Task directions: Transcribe, exactly and without pictures, the lines below from the line with "Toast English muffin" to the line with "2025新款便携厚底毛毛拖鞋狐狸毛可拆卸女外穿增高一字真皮草毛拖", both ends included, and no others.

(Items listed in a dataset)
◇ ◇ ◇

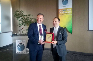 Turkey’s Ambassador to Serbia Tanju Bilgiç given a plaque at GLOBELT conference
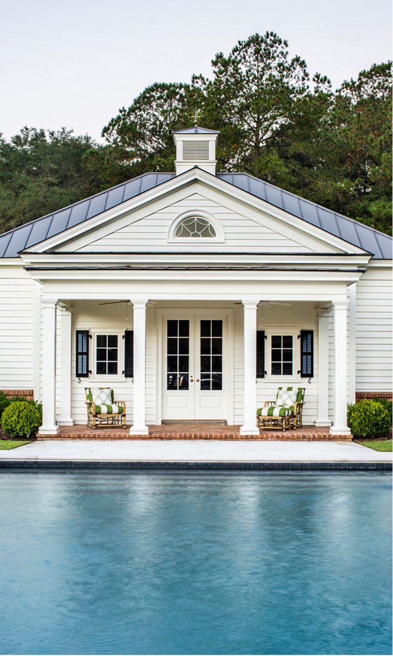 Our response was a house that, although generally formal in feel, resounds with Southern grace, gentility, and ease of character. We called upon the broad spectrum of Southern Architectural Heritage to create a house that echoes with the notes of familiar and beloved details, arranged in a fresh yet respectful composition. We further softened and enlivened the effect with a calculated juxtaposition of detailing and materials – large to delicate, gestural to intricate, formal to relaxed – that plays across the exterior and interior of the home.
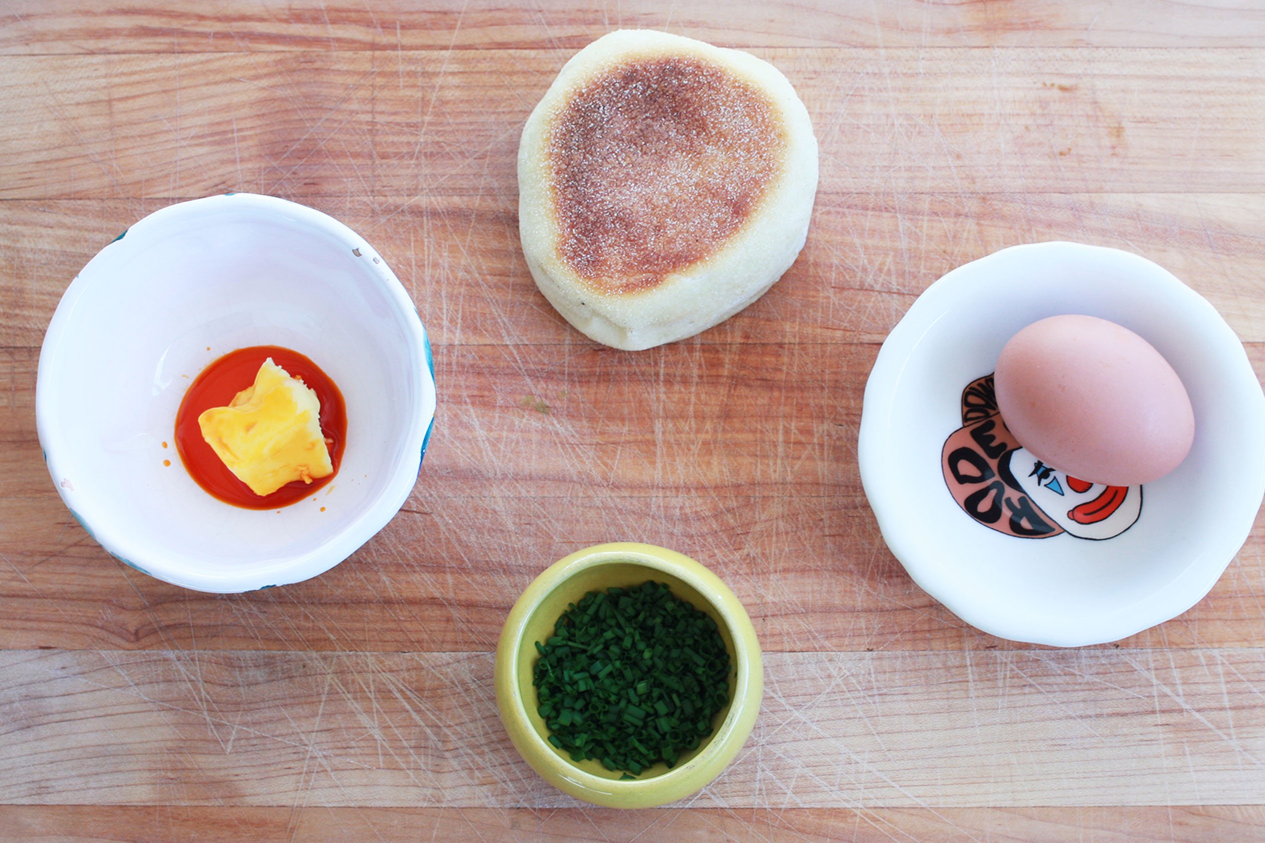 Toast English muffin or bread. Sprinkle with chives.
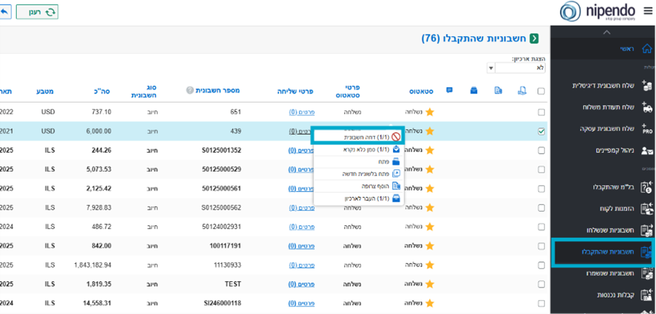 שלב 7: דחייה ידנית של חשבוניות במערכת
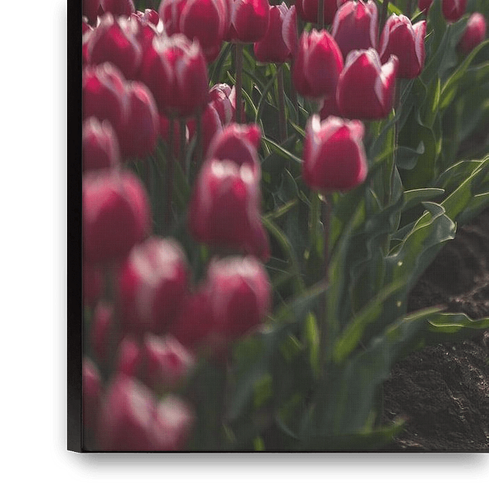 Buy the photo Pink tulips in the Flevopolder by Marjolijn Barten on canvas, ArtFrame, poster and wallpaper, printed on demand in high quality.
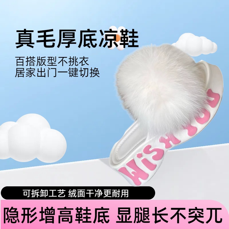 2025新款便携厚底毛毛拖鞋狐狸毛可拆卸女外穿增高一字真皮草毛拖
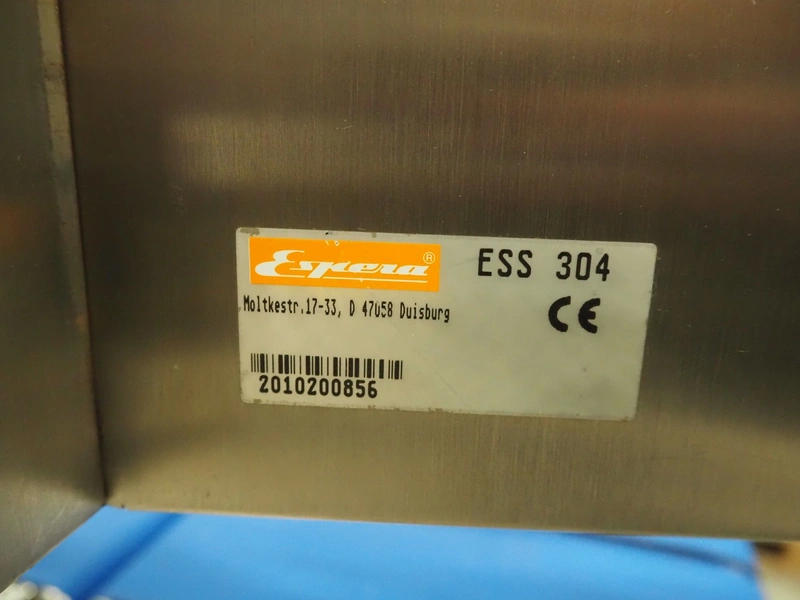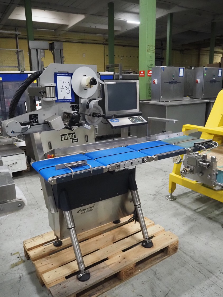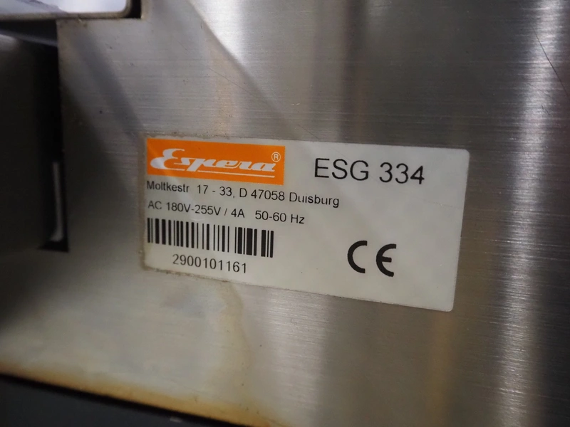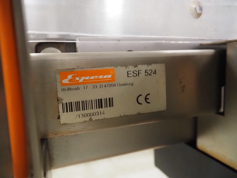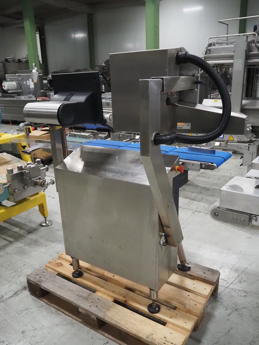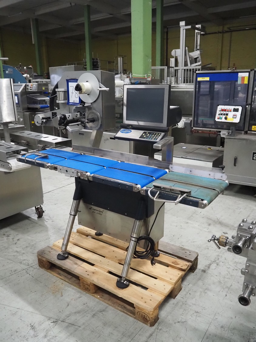 Espera checkweigher with top labeller, type machine: ES 5000, type checkweigher: ESW 2514, maximum weight: 6 kg, minimum weight: 40 gram, e = 2 gram, T = -6000 kg, type labeller, type: ESG 334, plastic belt, belt width: (2x) 150 mm, total dimensions: 1500 mm x 900 mm x 1500 mm.
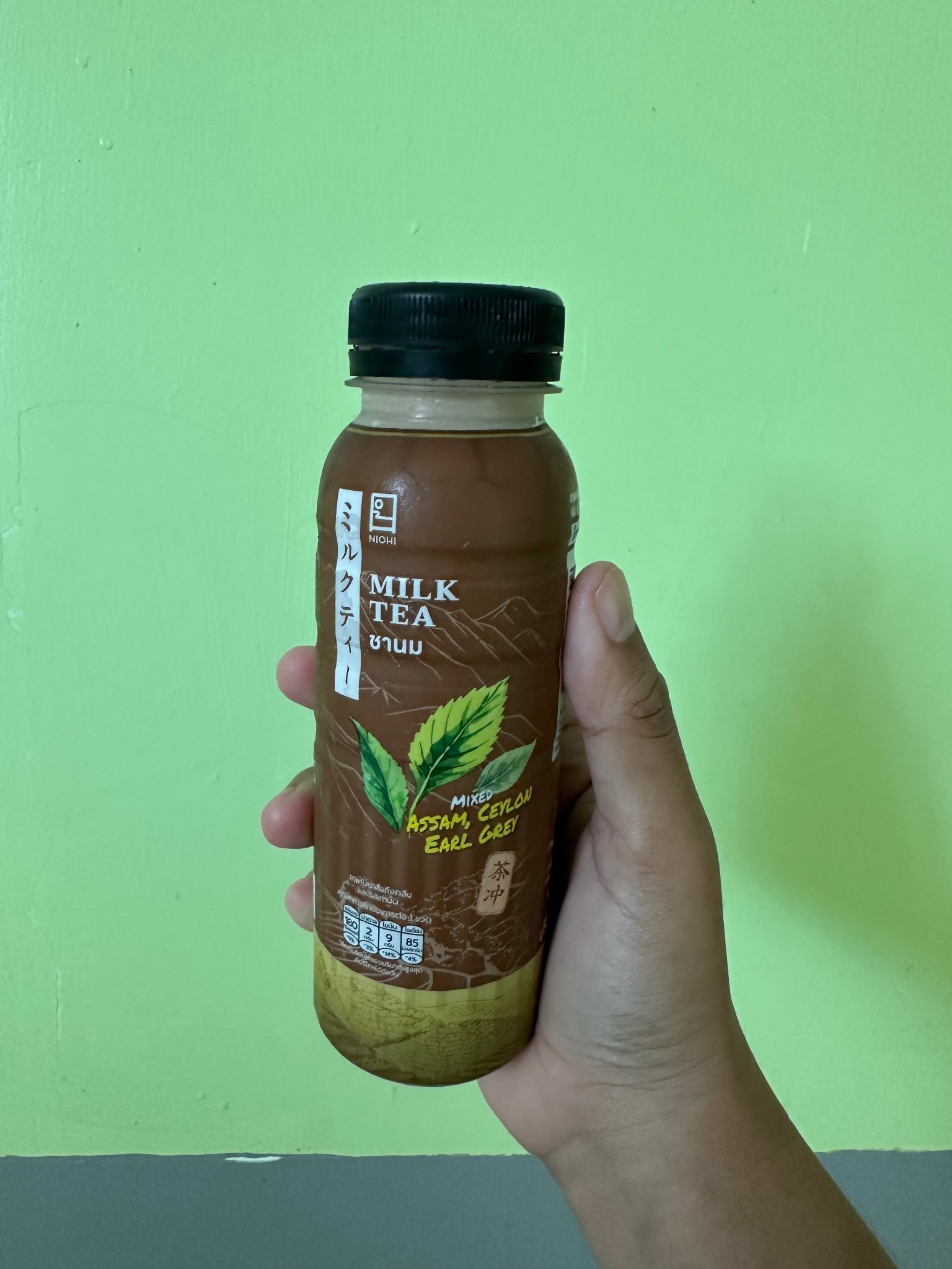 ขวดสีน้ำตาลเข้ม ดูเรียบหรู มีลายใบชาชัดเจน ขนาดพอดีมือ เปิดฝาแล้วกลิ่นหอมชาลอยมาเลย หอมแบบกลมๆ ไม่ฉุนเกินไป
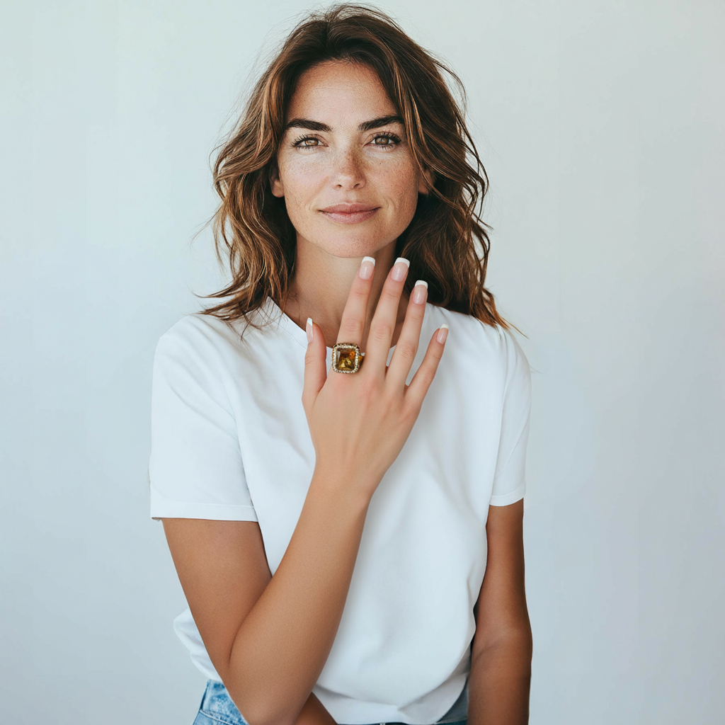 Anello donna con maxi pietra quadrata ambra e finitura oro
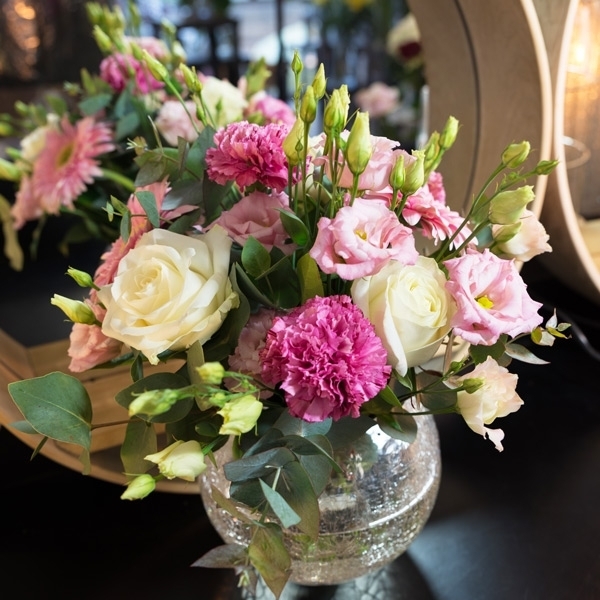Le bouquet Lido dans les tons rose est composé de Rose, de germini, de Lisianthus, de Dianthus et agrémenté de feuillage.
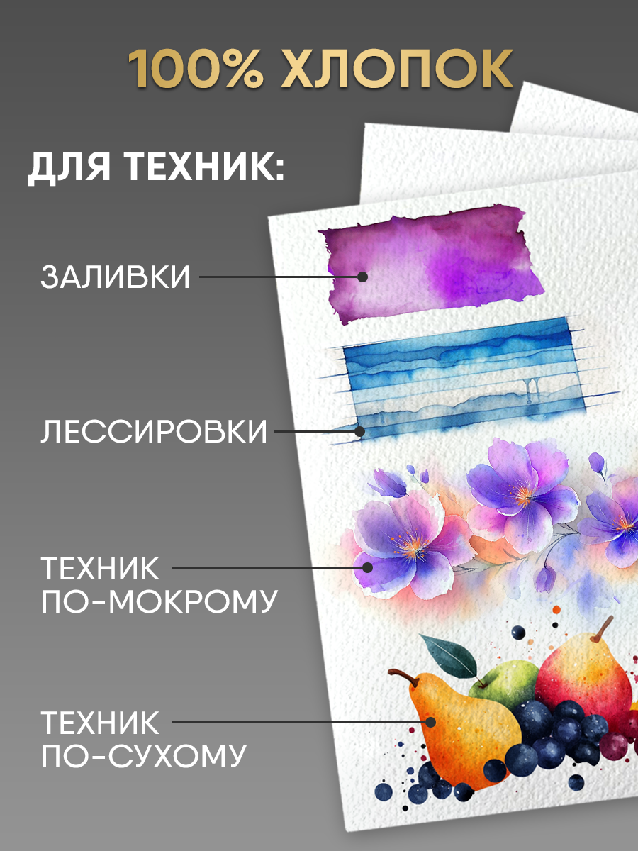Бумага BrunoVisconti, для акварели, акрила, А3 (420х297 мм), 10 л, 1 вид, Арт. 4-113
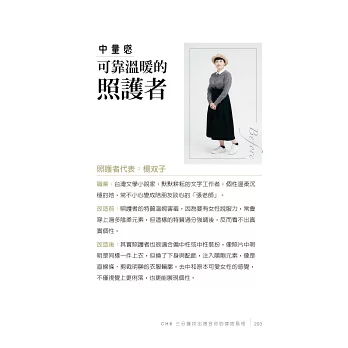 ‧對自我風格認識不清?你是領導者、照護者,還是夢想家?首創「角色三原型」自我檢測,透過科學數據化分析,搭配性格傾向提問,就能找到屬於自己的人物設定與穿搭風格。
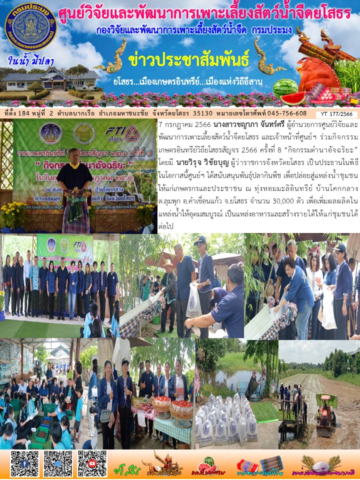 นางสาวชญาภา จันทร์ศรี ผู้อำนวยการศูนย์วิจัยและพัฒนาการเพาะเลี้ยงสัตว์น้ำจืดยโสธร และเจ้าหน้าที่ศูนย์ฯ ร่วมกิจกรรมเกษตรอินทรีย์วิถียโสธรสัญจร 2566 ครั้งที่ 8 “กิจกรรมดำนาอัจฉริยะ”

◇ ◇ ◇

Result of this exercise:
 Toast English muffin or bread. Sprinkle with chives.
 שלב 7: דחייה ידנית של חשבוניות במערכת
 Buy the photo Pink tulips in the Flevopolder by Marjolijn Barten on canvas, ArtFrame, poster and wallpaper, printed on demand in high quality.
 2025新款便携厚底毛毛拖鞋狐狸毛可拆卸女外穿增高一字真皮草毛拖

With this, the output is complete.